Polymerization Isomerism in Co-M (M = Cu, Ag, Au) Carbonyl Clusters: Synthesis, Structures and Computational Investigation

The reaction of [Co(CO)(4)](−) (1) with M(I) compounds (M = Cu, Ag, Au) was reinvestigated unraveling an unprecedented case of polymerization isomerism. Thus, as previously reported, the trinuclear clusters [M{Co(CO)(4)}(2)](−) (M = Cu, 2; Ag, 3; Au, 4) were obtained by reacting 1 with M(I) in a 2:1 molar ratio.

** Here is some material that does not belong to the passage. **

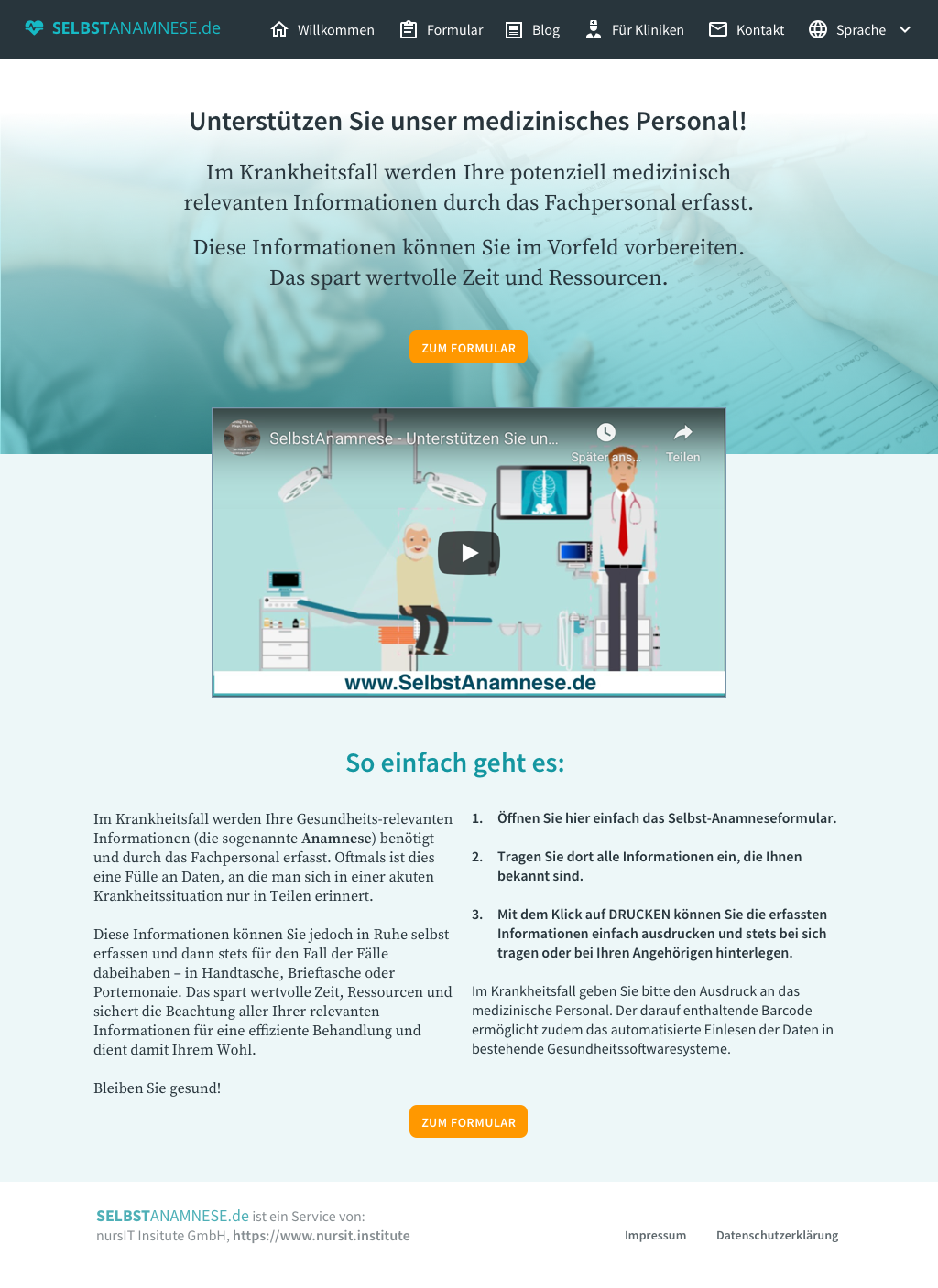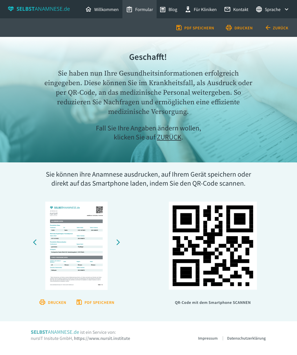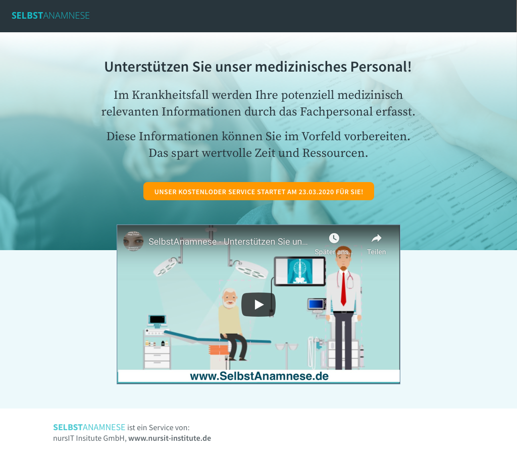 Mit dem neuen kostenlosen Onlineservice können genau diese Informationen schon im Vorfeld selbst erfasst werden – in Ruhe und wenn es einem noch gut geht. Auf der Internetseite www.selbstanamnese.de geht dies sehr einfach und man hat stets seine Anamnese für den Fall der Fälle, z.B. als Ausdruck in der Brieftasche oder im Smartphone, dabei. Der darauf enthaltende Barcode ermöglicht es zudem, die Anamnese von überall online aufzurufen und auch das automatisierte Einlesen der Daten in bestehende Gesundheitssoftwaresysteme (über HL7 und FHIR). Selbstverständlich werden alle Daten anonymisiert und verschlüsselt gespeichert.

Their molecular structures were corroborated by single-crystal X-ray diffraction (SC-XRD) on isomorphous [NEt(4)][M{Co(CO)(4)}(2)] salts. [NEt(4)](3)represented the first structural characterization of 3. More interestingly, changing the crystallization conditions of solutions of 3, the hexanuclear cluster [Ag(2){Co(CO)(4)}(4)](2−) (5) was obtained in the solid state instead of 3. Its molecular structure was determined by SC-XRD as Na(2)(5)·C(4)H(6)O(2), [PPN](2)(5)·C(5)H(12) (PPN = N(PPh(3))(2)](+)), [NBu(4)](2)(5) and [NMe(4)](2)(5) salts. 5 may be viewed as a dimer of 3 and, thus, it represents a rare case of polymerization isomerism (that is, two compounds having the same elemental composition but different molecular weights) in cluster chemistry. The phenomenon was further studied in solution by IR and ESI-MS measurements and theoretically investigated by computational methods. Both experimental evidence and density functional theory (DFT) calculations clearly pointed out that the dimerization process occurs in the solid state only in the case of Ag, whereas Cu and Au related species exist only as monomers.